(Extracted data entries)
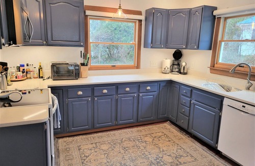 Our main kitchen is fully equipped for preparing meals. We have a gas grill and a double crab cooker in front of our detached garage. You can buy locally-caught crabs from 'Chesapeake's Bounty' farmer's market in our village where they also sell fresh, local produce and other seasonal fish. Have a crab feast on our picnic table overlooking the bay! Enjoy the fire-pit and two hammocks on the bluff, which overlooks the bay.
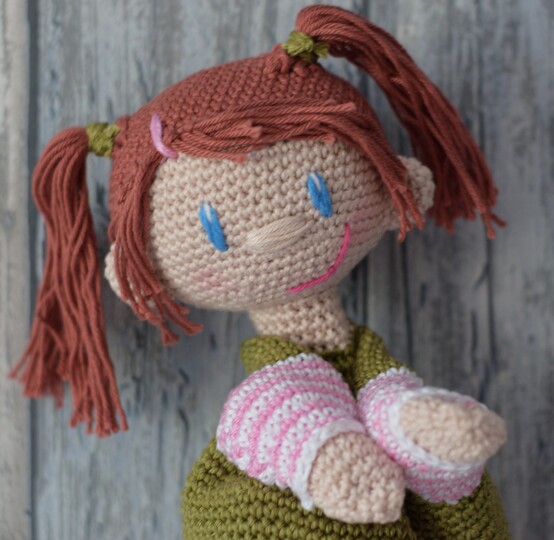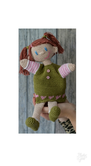 Karlotta wird mit Baumwollgarn ( LL 125/50g) und einer Häkelnadel 2,5 ca.32 cm groß.
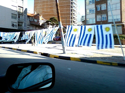 Al pasear por las calles de la ciudad, se puede vivir la euforia que siente el pueblo uruguayo por nuestra selección. Las banderas están omnipresentes en cada esquina, en los autos, en las motos y bicicletas, en los taxis y ómnibus y en las casas.
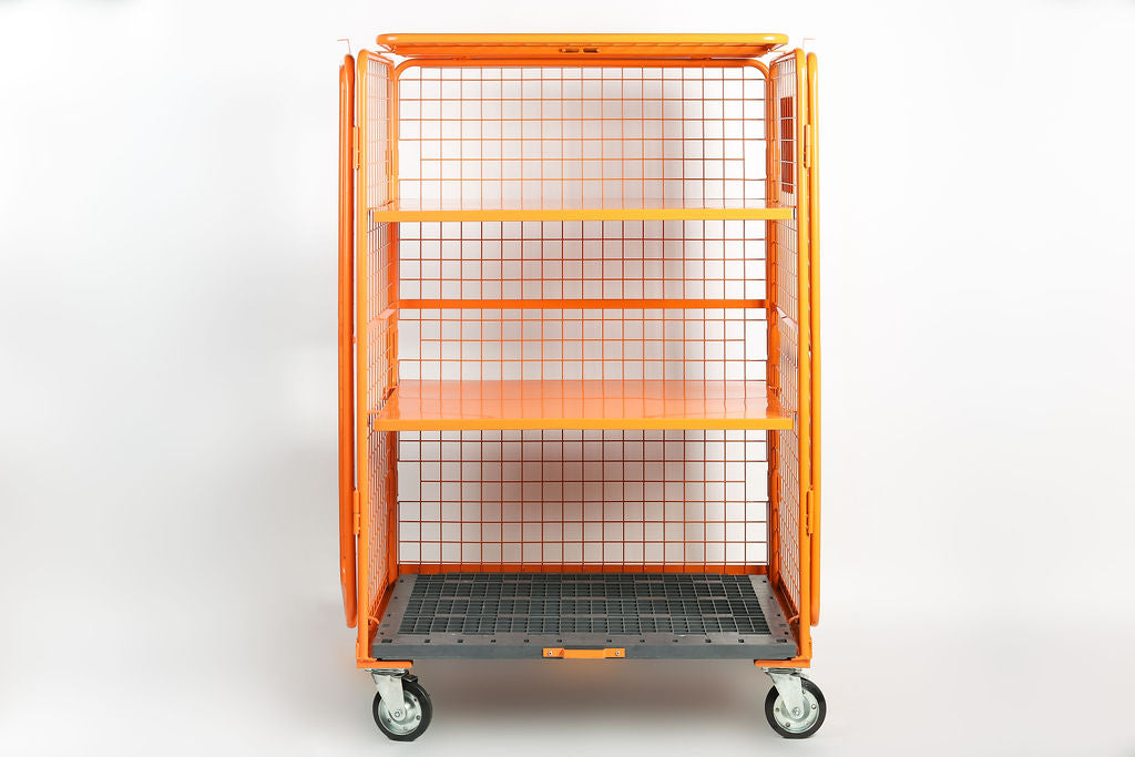 The trolley cage is a foldable site cage and comes with 4 wheels (2 locking wheels) and 500 kg capacity, folds down fully flat or stacks into a L shape for storage to minimise space required to store and can be locked to store tools securely. Available for sale today as a stand alone cage or with the addition of shelves.
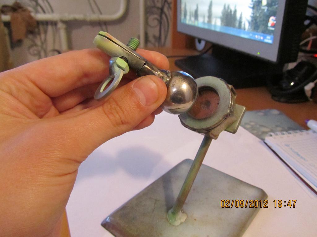 всем привет!!!после долгих мучений с покраской пришлось придумать держатель :oops: (сделан он как обычно из того что под руку попалось:-основные детали это: магнит,шарик от подшипника и шайбы нужного диаметра под шарик)всё остальное как получится(получается шарико -магнитная система какая то :D) .Теперь можно зажав приманку один раз выкрасить её абсолютно в любых ракурсах
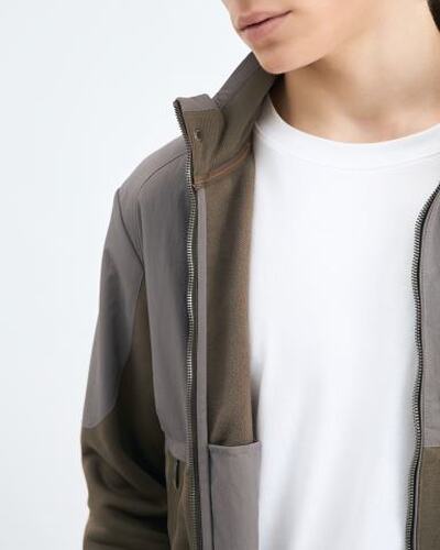 Толстовка Jango из линейки Rescue Fleece от Parajumpers выполнена в комбинированном дизайне. Модель изготовлена из хлопково-полиэстерового флиса с диагональной структурой на спинке и дополнена вставками из микрооттоманового нейлона с матовой отделкой. Застегивается на молнию. У модели ребристые манжеты и низ, а также два кармана на молнии. Изделие украшено принтом и нашивкой Parajumpers, оранжевым спасательным пуллером на рукаве и культовой желтой тесьмой на горловине.
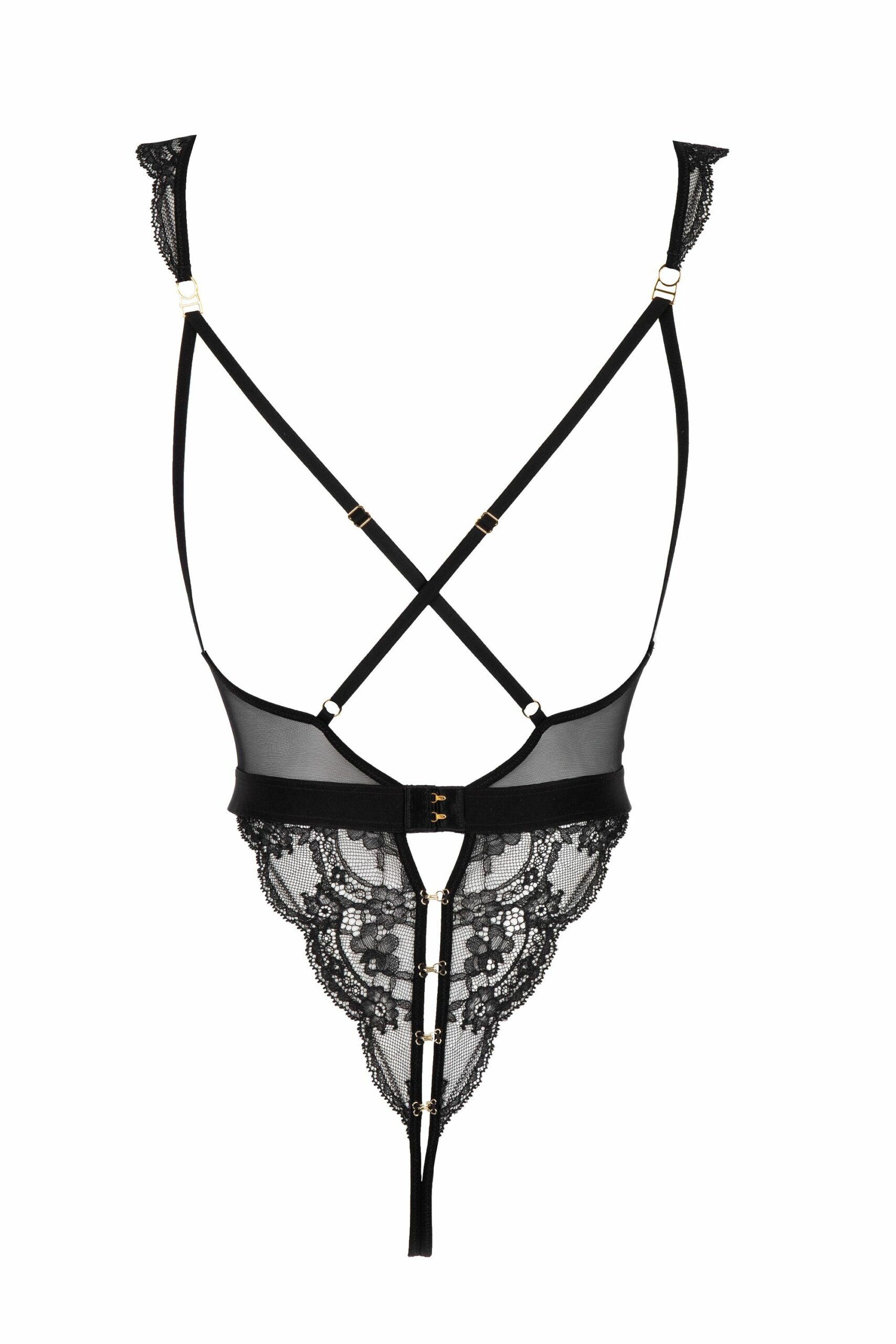 Deze body is volledig uitgevoerd in verfijnde kant en heeft een diep uitgesneden decolleté dat de buste krachtig en verleidelijk omlijst. De opening van boven tot onder met kleine goudkleurige haakjes creëert niet alleen een visueel statement, maar voegt ook een speels, luxueus element toe aan het ontwerp.
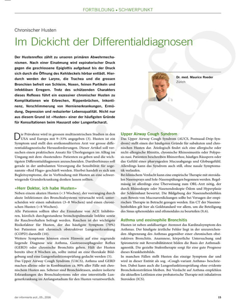 Fortbildung · Schwerpunkt Chronischer Husten Im Dickicht der Differentialdiagnosen Der Hustenreflex zählt zu unseren primären Abwehrmechanismen. Nach einer Einatmung wird expiratorischer Druck gegen die geschlossene Epiglottis aufgebaut bis der Druck sich durch die Öffnung des Kehldeckels hörbar entlädt. Hierdurch werden der Larynx, die Trachea und die grossen Bronchien befreit von Schleim, Noxen, feinen Partikeln und Dr. med. Maurice Roeder Zürich infektiösen Erregern. Trotz des schützenden Charakters dieses Reflexes führt ein exzessiver chronischer Husten zu Komplikationen wie Erbrechen, Rippenbrüchen, Inkontinenz, Verschlimmerung von Hernienerkrankungen, Ermüdung, Depression und reduzierter Lebensqualität. Nicht nur aus diesem Grund ist «Husten» einer der häufigsten Gründe für Konsultationen beim Hausarzt oder Lungenfacharzt. D ie Prävalenz wird in grossen multizentrischen Studien in den USA und Europa mit 9–33% angegeben (3). Husten ist ein Symptom und stellt den erstkonsultierten Arzt vor grosse differentialdiagnostische Herausforderungen. Dieser Artikel soll versuchen einen praktischen Ansatz für Überlegungen im Alltag im Umgang mit dem «hustenden» Patienten zu geben und die wichtigsten Differentialdiagnosen anzuschneiden. Darüberhinaus soll gerade in der ambulanten Versorgung die Sensibilität für sogenannte «Red Flags» geschärft werden. Hierbei handelt es sich um Begleitsymptome, die in Verbindung mit Husten an eine schwerwiegende Grunderkrankung denken lassen sollten. «Herr Doktor, ich habe Husten» Neben einem akuten Husten (< 3 Wochen), der vorranging durch akute Infektionen des Bronchialsystems verursacht wird, unterscheiden wir einen subakuten (3–8 Wochen) und einen chronischen Husten (> 8 Wochen). Alle Patienten sollten über die Einnahme von ACE Inhibitoren, kürzlich durchgestandene bronchopulmonale Infekte sowie ihr Rauchverhalten befragt werden. Rauchen ist der wichtigste Risikofaktor für Husten, der das häufigste Symptom (70%) bei Patienten mit chronisch obstruktiver Lungenerkrankung (COPD) darstellt (10). Weitere Symptome können einen Hinweis auf eine zugrunde liegende Diagnose wie Asthma, Gastroeosophagealer Reflux (GERD) oder chronische Bronchitis geben. Hält der Husten bereits über 8 Wochen an, sollte initial an eine thorakale Bildgebung und eine Lungenfunktionsprüfung gedacht werden (5). Das Upper Airway Cough Syndrom (UACS), Asthma und GERD machen alleine oder in Kombination ca. 90% aller Fälle mit chronischem Husten aus. Seltener sind Bronchiektasen, andere isolierte Erkrankungen des Bronchialsystems oder eine interstitielle Lungenerkrankung im Anfangsstadium für den Husten verantwortlich. der informierte arzt _ 05 _ 2016 Upper Airway Cough Syndrom Das Upper Airway Cough Syndrom (AUCS, Postnasal-Drip-Syndrom) stellt einen der häufigsten Gründe für subakuten und chronischen Husten dar. Ätiologisch findet sich eine allergische oder nicht-allergische Rhinitis, chronische Rhinosinusitis oder Polyposis nasi. Patienten beschreiben Rhinorrhoe, häufiges Räuspern oder das Gefühl eines pharyngealen Mucusabgangs und Globusgefühl. Allerdings kann das Syndrom auch still, ohne nasale Symptomatik verlaufen. Bei klinischem Verdacht kann eine empirische Therapie mit steroidalen Nasensprays und Sole-Nasenspülungen begonnen werden. Regelmässig ist allerdings eine Überweisung zum ORL-Arzt nötig, der durch Rhinoskopie oder Nasenendoskopie Ödem und Hyperplasie der Schleimhaut bewertet. Die Bildgebung der Nasennebenhöhlen zum Beweis von Mucosaverdickungen sollte bei Versagen der empirischen Therapie in Betracht gezogen werden. Ein CT der Nasennebenhöhlen gilt hier als Goldstandard vor allem, um die Beteiligung des Sinus sphenoidales und ethmoidales zu beurteilen (9, 6). Asthma und eosinophile Bronchitis Husten ist neben anfallsartiger Atemnot das Kardinalsymptom des Asthmas. Der häufigste ärztliche Fehler liegt in der unzureichenden Abgrenzung des Asthmas gegenüber einer chronischen obstruktiven Bronchitis. Anamnese, körperliche Untersuchung und Spirometrie mit Reversibilitätstest bilden die Basis der Asthmadiagnostik. Die gezielte Stufentherapie sorgt für eine gute Prognose dieses Krankheitsbilds. In manchen Fällen stellt Husten das einzige Symptom dar und wird in dieser Entität als sog. «Cough-variant Asthma» beschrieben. Dabei kann auch die Lungenfunktionsprüfung ohne evidente Bronchokonstriktion bleiben. Bei Verdacht auf Asthma empfehlen die aktuellen Leitlinien eine probatorische Therapie mit inhalativen Steroiden (ICS). 15 Fortbildung · Schwerpunkt Die Überweisung zu einem Pneumologen für einen Provokationstest durch Methacholin kann Aufschluss über die bronchiale Hyperreagibilität bringen. Die Diagnose wird allerdings erst durch das Ansprechen des Hustens auf die antiasthmatische Therapie gesichert, da 25–30% der Bevölkerung an einer asymptomatischen bronchialen Hyperreagibilität leiden. Chronischer Husten bei Eosinophilie im Sputum (> 3%) ohne bronchiale Hyperreagibilität und mit normaler Lungenfunktion spricht für eine eosinophile Bronchitis. Die Bestimmung der Fraktion des exhalierten Stickstoffoxids (Fe-NO) kann einen Hinweis auf diese eosinophile Entzündung bei normwertigem Provokationstest liefern. Die eosinophile Bronchitis war einer Studie zufolge die Hauptdiagnose bei 13% aller Patienten, die vom Hausarzt zum Pneumologen aufgrund isolierten chronischen Hustens überwiesen wurden (2). Rezidivierende kleine Lungenembolien, die als Vorbote einer schweren Embolie auftreten können, zeigen sich teilweise mit chronischem Husten in Verbindung mit Leistungsminderung und Belastungsdyspnoe. Der Wells-Score sollte zur Abklärung der klinischen Vortestwahrscheinlichkeit herangezogen werden und in Verbindung mit der Bestimmung der D-Dimere eine Lungenembolie ausschliessen (1). Dr. med. Maurice Roeder LungenZentrum Hirslanden Witellikerstrasse 40, 8032 Zürich [email protected] B Interessenkonflikt: Der A
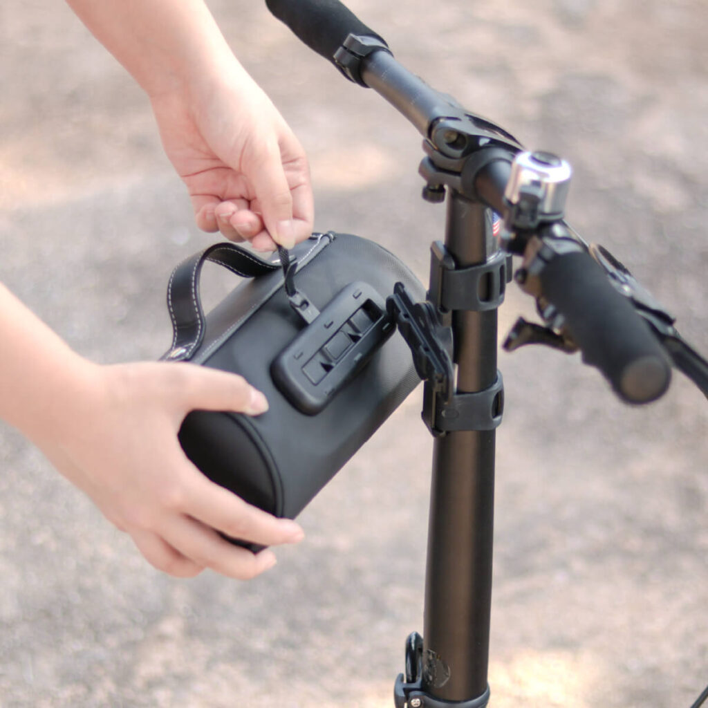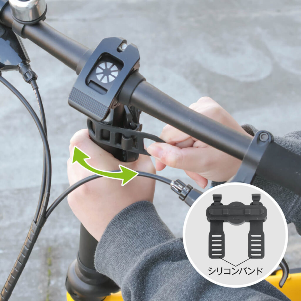 自転車フレームのお好みの場所に取り付けられます。シリコンバンドが伸縮し、しっかりとフレームに巻き付けることができます。

_Try it_. Transcribe only the lines above that start at the line containing "Al pasear por" and end at the line containing "всем привет!!!после долгих". Omit pictures.

_Response area_.
 Al pasear por las calles de la ciudad, se puede vivir la euforia que siente el pueblo uruguayo por nuestra selección. Las banderas están omnipresentes en cada esquina, en los autos, en las motos y bicicletas, en los taxis y ómnibus y en las casas.
 The trolley cage is a foldable site cage and comes with 4 wheels (2 locking wheels) and 500 kg capacity, folds down fully flat or stacks into a L shape for storage to minimise space required to store and can be locked to store tools securely. Available for sale today as a stand alone cage or with the addition of shelves.
 всем привет!!!после долгих мучений с покраской пришлось придумать держатель :oops: (сделан он как обычно из того что под руку попалось:-основные детали это: магнит,шарик от подшипника и шайбы нужного диаметра под шарик)всё остальное как получится(получается шарико -магнитная система какая то :D) .Теперь можно зажав приманку один раз выкрасить её абсолютно в любых ракурсах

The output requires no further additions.